A thought experiment . . . .

LightRoasted

If I may ...
For your consideration ...


A truism, aka Fact: All US money/currency in circulation is the result of being loaned into existence. Truism, aka Fact: The proceeds of a loan are non-taxable.

Question: How can anyone be taxed when any money they receive is from the product of a loan?
 

vraiblonde

Board Mommy
PREMO Member
Patron
Question: How can anyone be taxed when any money they receive is from the product of a loan?

Because a loan means you're going to pay it back to the person/entity that lent it to you. Your wages aren't a loan.

A different way to make your point is when someone buys a used car why do they have to pay taxes on it? The original owner already paid that vehicle's taxes. Why is there a tax collected when you buy used clothing? Or anything that has already been taxed?

Not to mention most states make you pay income tax, and certainly the federal government does. So that money you have in your pocket is already taxed, and yet if you buy something with it you get taxed again.

The short answer to your question is: because we're too lazy and stupid to go, "Hey, wait a minute...."
 

Bare-ya-cuda

Well-Known Member
Because a loan means you're going to pay it back to the person/entity that lent it to you. Your wages aren't a loan.

A different way to make your point is when someone buys a used car why do they have to pay taxes on it? The original owner already paid that vehicle's taxes. Why is there a tax collected when you buy used clothing? Or anything that has already been taxed?

Not to mention most states make you pay income tax, and certainly the federal government does. So that money you have in your pocket is already taxed, and yet if you buy something with it you get taxed again.
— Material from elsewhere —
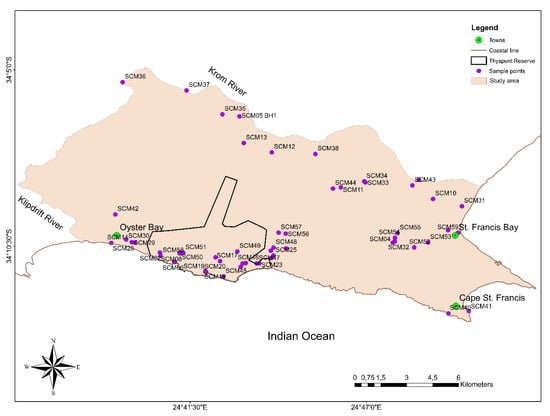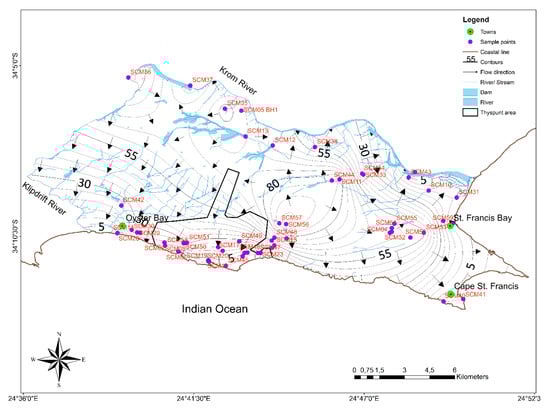 The sustainable development of water resources necessitates a thorough understanding of the hydrology of the catchment, including the groundwater dynamics in the aquifer system. This requires a vast amount of data and information about the various aspects of groundwater occurrence, circulation, storage and quality within the system []. Additionally, the accurate management and sustainable utilization of water resources, particularly in semi-arid and arid regions could be achieved through sound understanding of hydrogeology of an area, which includes the quality and quantity of both groundwater and surface water resources, besides their inter-relationships []. The study area has been identified as a potential site for the establishment of a nuclear power plant. Like many other regions in South Africa, the study area has groundwater resource potential that supports domestic and agricultural activities [,]. Therefore, it is of paramount importance to conceptualize the coastal aquifer, due to the fact that large number of communities depend on the groundwater resource for their day to day activities. Understanding of the hydrogeological processes could help to manage the aquifer, both in terms of quantity and quality. This is beneficial from an environmental regulatory point of view, since conceptual models are crucial tools for assessing the impact of environmental pollution, as well as in the analyses of the safety of toxic metal industries such as nuclear power plants []. Conceptual models provide important input to conduct 3-D numerical groundwater flow modelling. Conceptual models are key for evaluating environmental impacts and in the safety analyses of nuclear power plants []. Hence, an understanding of hydrogeological processes helps to minimize the environmental effects during the normal operation and accidental circumstances of nuclear power stations.

The short answer to your question is: because we're too lazy and stupid to go, "Hey, wait a minute...."
IMG_1043.jpeg
 

LightRoasted

If I may ...
For your consideration ...

Because a loan means you're going to pay it back to the person/entity that lent it to you. Your wages aren't a loan.

A different way to make your point is when someone buys a used car why do they have to pay taxes on it? The original owner already paid that vehicle's taxes. Why is there a tax collected when you buy used clothing? Or anything that has already been taxed?
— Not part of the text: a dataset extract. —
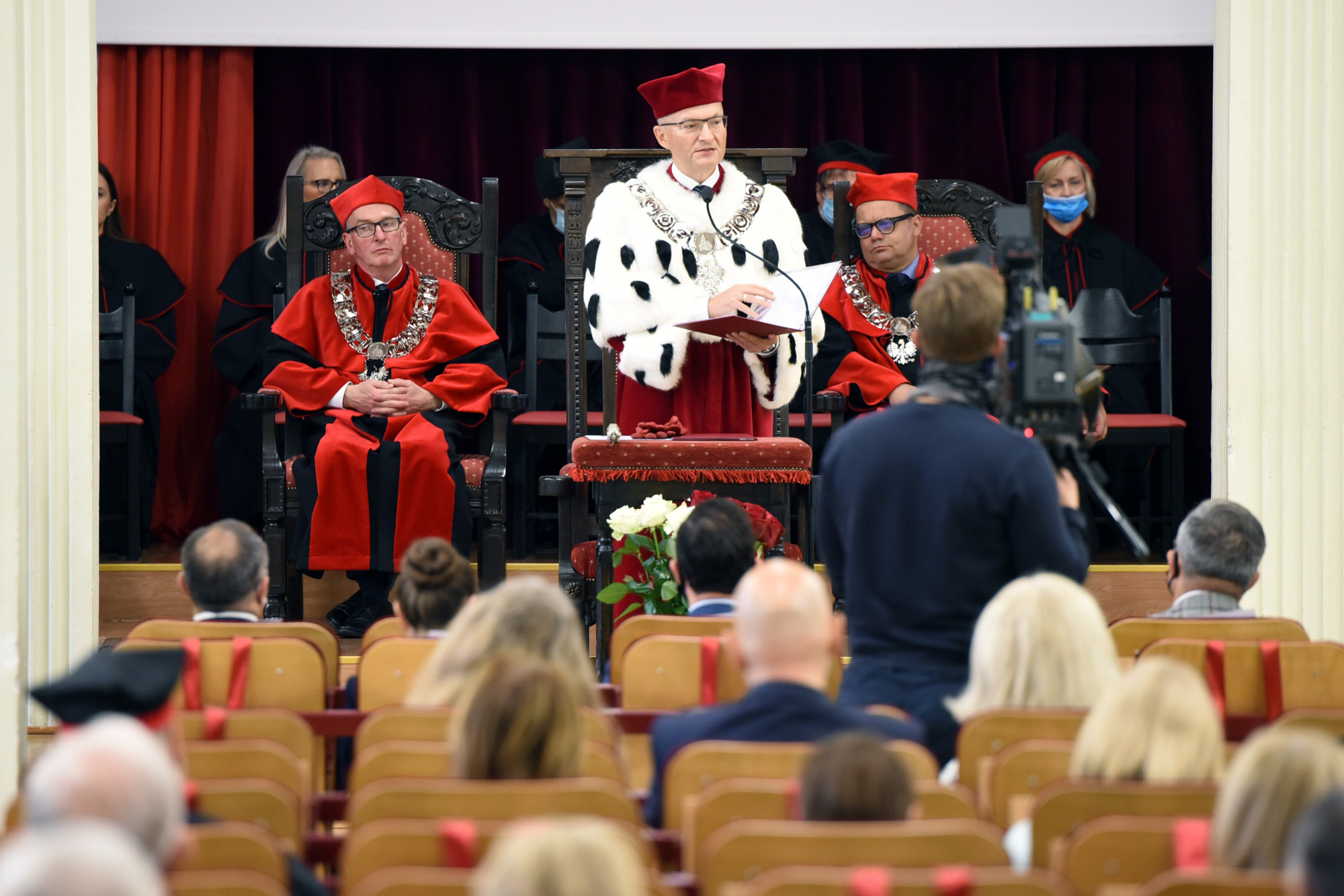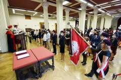 W Auli Rektoratu znajdowały się reprezentacje w ograniczonym składzie, z racji przestrzegania przez PUM zasad bezpieczeństwa epidemicznego. Zainteresowani obejrzeniem Inauguracji mogli jednak nam towarzyszyć dzięki transmisji prowadzonej w kanale YouTube/pomorskiuniwersytetmedyczny, gdzie można również teraz odtworzyć zapis wydarzenia.

Not to mention most states make you pay income tax, and certainly the federal government does. So that money you have in your pocket is already taxed, and yet if you buy something with it you get taxed again.
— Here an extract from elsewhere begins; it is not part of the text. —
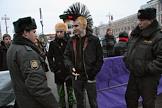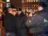 Милиционеры разговаривают с участниками пикета против поправок в 4-ую часть Гражданского Кодекса об авторском праве. Пикет прошел в Новопушкинском сквере.

The short answer to your question is: because we're too lazy and stupid to go, "Hey, wait a minute...."


The point being is that all money in circulation is money that was loaned. All of it. Either a loan taken by a government, or a business, or a person, all money being used today is the product of a loan. So if someone is paid with money, money of which was acquired from loans, why is it taxed when given to someone else? Any wages paid to someone is money that was entered into circulation via a loan.

This exercise is really targeted toward income type taxes. Take a loan out, the money you receive is not taxed. Give some of that money out as a wage to someone, and that person is taxed, even though the money originated from a loan. Since money from a loan is not taxed, and all money that is in circulation is from loans, how does it become taxable simply by sharing it with someone else? Get it? A real conundrum.
 

vraiblonde

Board Mommy
PREMO Member
Patron
For your consideration ...




The point being is that all money in circulation is money that was loaned. All of it. Either a loan taken by a government, or a business, or a person, all money being used today is the product of a loan. So if someone is paid with money, money of which was acquired from loans, why is it taxed when given to someone else? Any wages paid to someone is money that was entered into circulation via a loan.

This exercise is really targeted toward income type taxes. Take a loan out, the money you receive is not taxed. Give some of that money out as a wage to someone, and that person is taxed, even though the money originated from a loan. Since money from a loan is not taxed, and all money that is in circulation is from loans, how does it become taxable simply by sharing it with someone else? Get it? A real conundrum.

I don't know how to say it any different than how I said it the first time.